Maps that show commercial pecan distribution in the U.S. and Mexico

Figure 1: Areas of native and commercial pecan distribution in the U.S. and Mexico, with points of origin for selected individual native and seedling accessions in the NCGR-Carya. Insert is Little's (1971) map.

The U.S. pecan industry is young compared to most tree crops. The pecan is an unusual example of a North American native tree that has become a worldwide crop. The early pecan industry grew out of the native forest with several factors contributing to its historic development: a nutritious, high-quality product that was in demand; proximity of that crop to pioneer markets in both the East (New Orleans) and the West (San Antonio); and the development of grafting, which allowed production of large nuts and increased uniformity (Wood et al., 1990). The first grafted pecan orchard was propagated by the slave gardener Antoine at Oak Alley Plantation, Louisiana in 1846 (Taylor, 1905). Since individual pecan trees can live longer than 200 years (Romberg, 1934), there are trees in native groves that are older than the commercial pecan industry. The effort to select and propagate large, thin-shelled nuts led to the first generation of pecan cultivars.

In the March edition of Pecan South, I told stories of the origins of some important cultivars for the western region, ‘Western’ and ‘Riverside’, and tied those stories to currently developing techniques of genetic analysis. Now, I want to turn to the story of Florida pecans, whose stories are embedded in the nursery industry as rootstocks as well as scion cultivars and parents in breeding and development.

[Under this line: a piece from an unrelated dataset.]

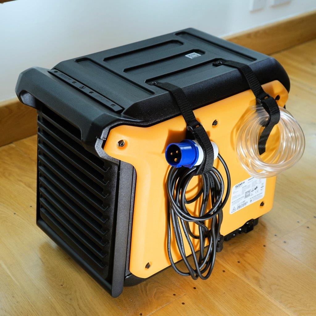 220V/50 Hz 475W 2.1A (R290 refrigerant). Floor standing on 120 cm with 2 wheels and drag folding handle. Stackable refrigerant dehumidifiers rotor moulded plastic casing with electronic controls. Side air outlet can be ducted to focus dry air. Over 43 litres maximum extraction at maximum temperatures and humidity. Power rated at operating range from 4°C up 40°C. Integral pump with maximum water height 3.5m. One fan speed with 330 m3 /hr air volume capacity. Sound rated at 50dB. Hose length 12m cord length 5m.

As before, these are the stories of our pecan growing families with direct links to our current industry, and these stories cross national borders that are still in contention. Furthermore, these stories highlight the role of plant introductions in developing regionally adapted cultivars. They also have implications for our use of diversity in the USDA ARS National Collection of Genetic Resources for Pecans and Hickories (NCGR-Carya) for cooperatively breeding and selecting better cultivars and rootstocks in the future. Accuracy requires documentation, so references are provided. Researchers are an important part of our pecan family, and documentation increases communication between our research teams and the industry we serve.

Native pecan distribution

Previous plant collectors’ records are valuable when searching for a plant in a new area. Valuable records are found in herbarium vouchers (pressed plant specimens) that botanists have made when documenting their collections and findings. Records of those collections are compiled across many herbaria to create distribution maps, such as were developed for the original native pecan forest by E. L. Little (1971) that were based on herbarium records and historical accounts. The original native pecan forest extended down the Mississippi Valley, sometimes on both sides of the river, to Louisiana. Isolated populations that were separated from the main group were reported from Alabama (Mohr, 1893; Harper, 1928) and Ohio (Braun, 1961) but the main forest did not extend into the eastern states of Florida, Georgia, the Carolinas, or Virginia.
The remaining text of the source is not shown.